* The data:
━━━━━━━━━━━━━━━━━━━━

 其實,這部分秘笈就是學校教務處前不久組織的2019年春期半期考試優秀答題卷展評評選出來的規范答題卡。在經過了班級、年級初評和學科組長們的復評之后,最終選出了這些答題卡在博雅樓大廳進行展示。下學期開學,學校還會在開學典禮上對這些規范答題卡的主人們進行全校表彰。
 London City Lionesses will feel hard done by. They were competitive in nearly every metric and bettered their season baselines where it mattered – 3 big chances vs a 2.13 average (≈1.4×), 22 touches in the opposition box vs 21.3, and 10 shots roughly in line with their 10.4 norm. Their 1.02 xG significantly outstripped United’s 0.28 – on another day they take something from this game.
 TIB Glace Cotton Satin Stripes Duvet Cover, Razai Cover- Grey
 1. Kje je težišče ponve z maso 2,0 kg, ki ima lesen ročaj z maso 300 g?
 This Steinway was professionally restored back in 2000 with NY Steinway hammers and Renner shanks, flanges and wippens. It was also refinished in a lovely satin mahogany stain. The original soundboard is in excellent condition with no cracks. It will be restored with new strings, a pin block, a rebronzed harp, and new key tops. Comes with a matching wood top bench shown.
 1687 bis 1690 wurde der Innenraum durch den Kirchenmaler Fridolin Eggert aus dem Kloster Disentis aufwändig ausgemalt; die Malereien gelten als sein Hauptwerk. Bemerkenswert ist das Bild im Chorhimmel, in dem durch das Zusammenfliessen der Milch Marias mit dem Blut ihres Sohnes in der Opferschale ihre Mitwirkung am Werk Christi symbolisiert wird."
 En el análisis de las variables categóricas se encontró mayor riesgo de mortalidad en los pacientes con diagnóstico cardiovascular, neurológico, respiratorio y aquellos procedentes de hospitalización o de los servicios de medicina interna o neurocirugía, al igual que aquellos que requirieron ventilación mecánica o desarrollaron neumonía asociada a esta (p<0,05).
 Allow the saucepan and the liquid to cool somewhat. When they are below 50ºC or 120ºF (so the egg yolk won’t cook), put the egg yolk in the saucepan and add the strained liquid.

━━━━━━━━━━━━━━━━━━━━

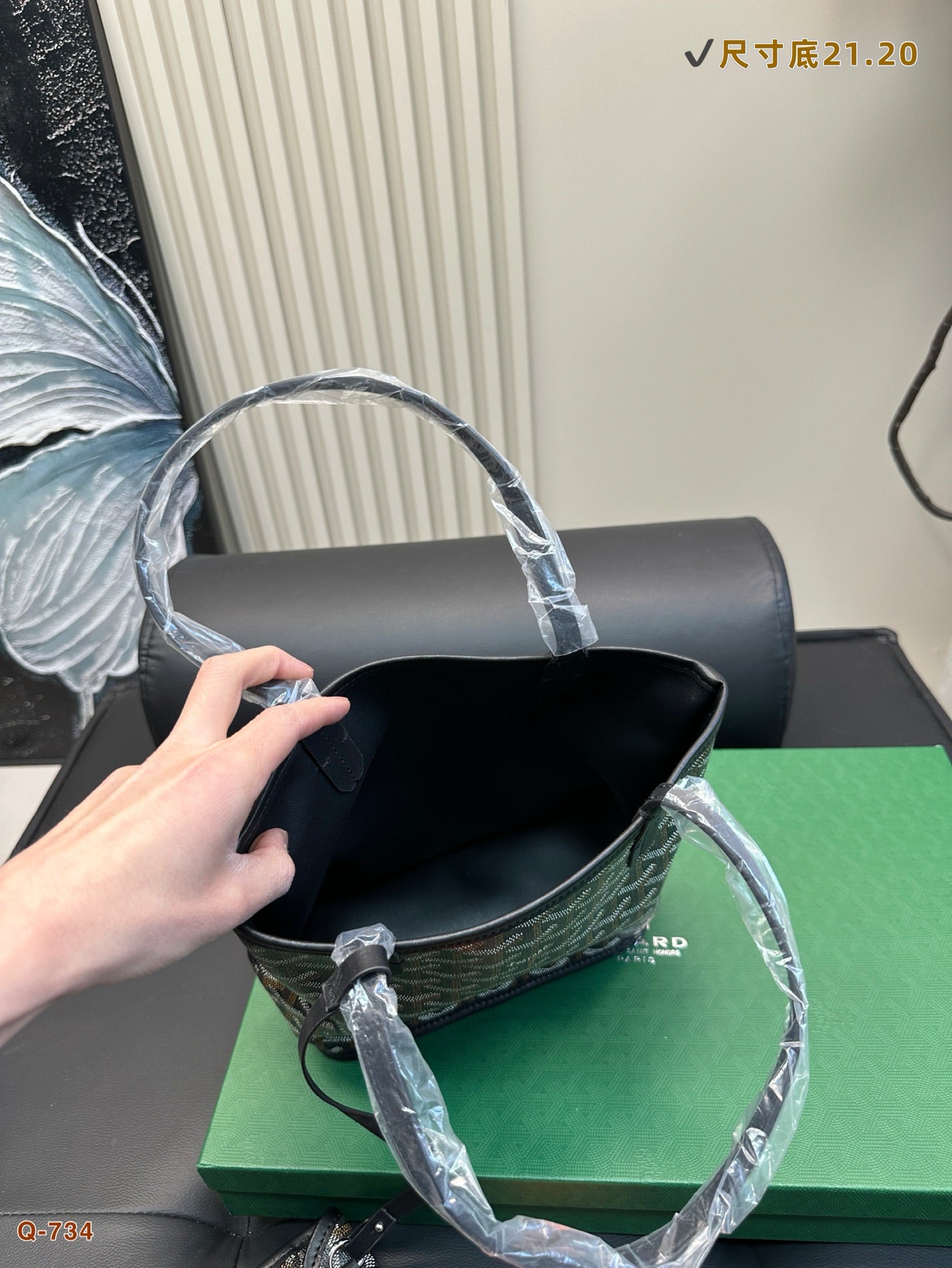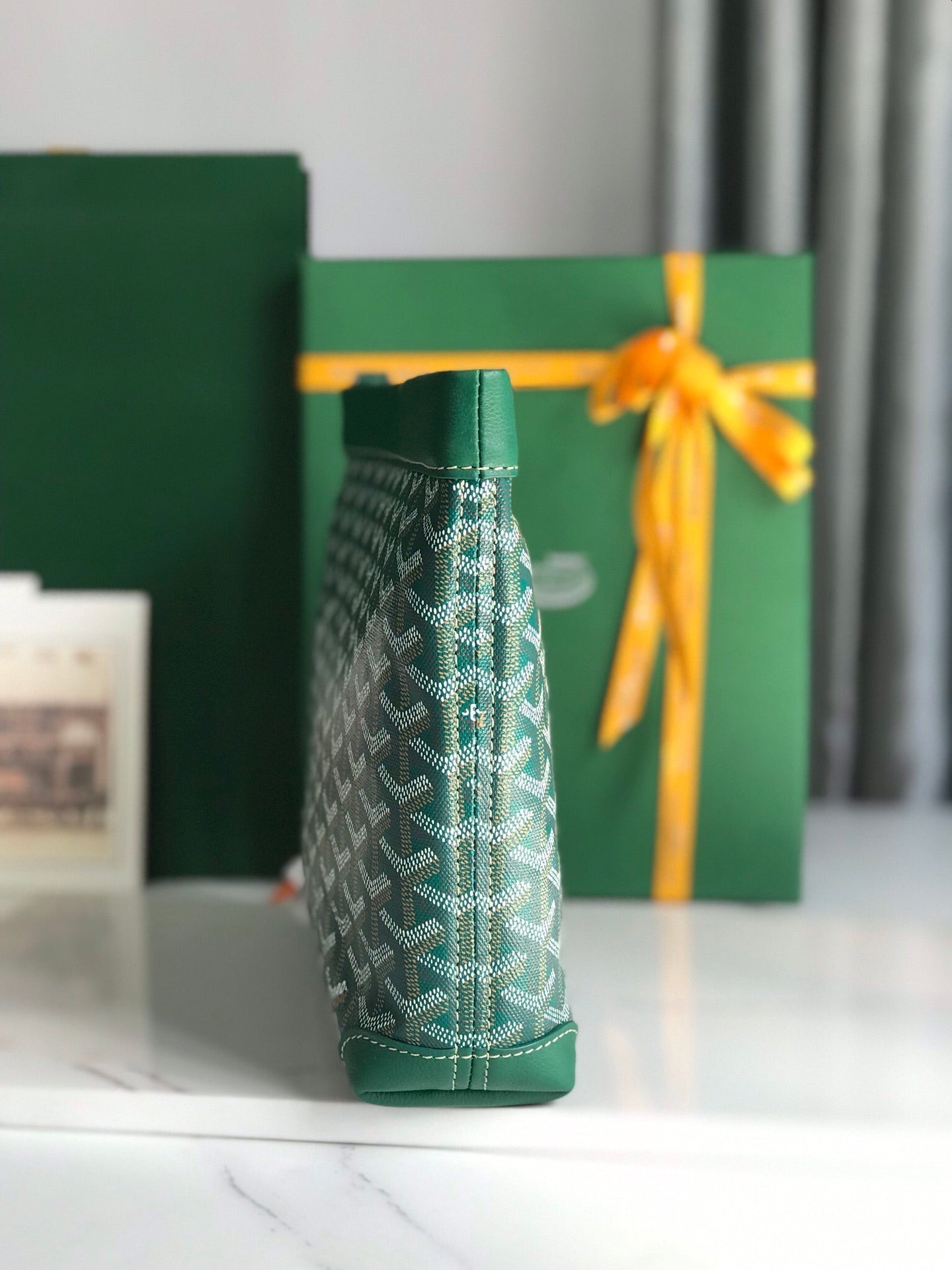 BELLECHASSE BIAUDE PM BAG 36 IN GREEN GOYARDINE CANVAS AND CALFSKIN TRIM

━━━━━━━━━━━━━━━━━━━━

Read through the data above. Report each line that has the word "they".

 London City Lionesses will feel hard done by. They were competitive in nearly every metric and bettered their season baselines where it mattered – 3 big chances vs a 2.13 average (≈1.4×), 22 touches in the opposition box vs 21.3, and 10 shots roughly in line with their 10.4 norm. Their 1.02 xG significantly outstripped United’s 0.28 – on another day they take something from this game.
 Allow the saucepan and the liquid to cool somewhat. When they are below 50ºC or 120ºF (so the egg yolk won’t cook), put the egg yolk in the saucepan and add the strained liquid.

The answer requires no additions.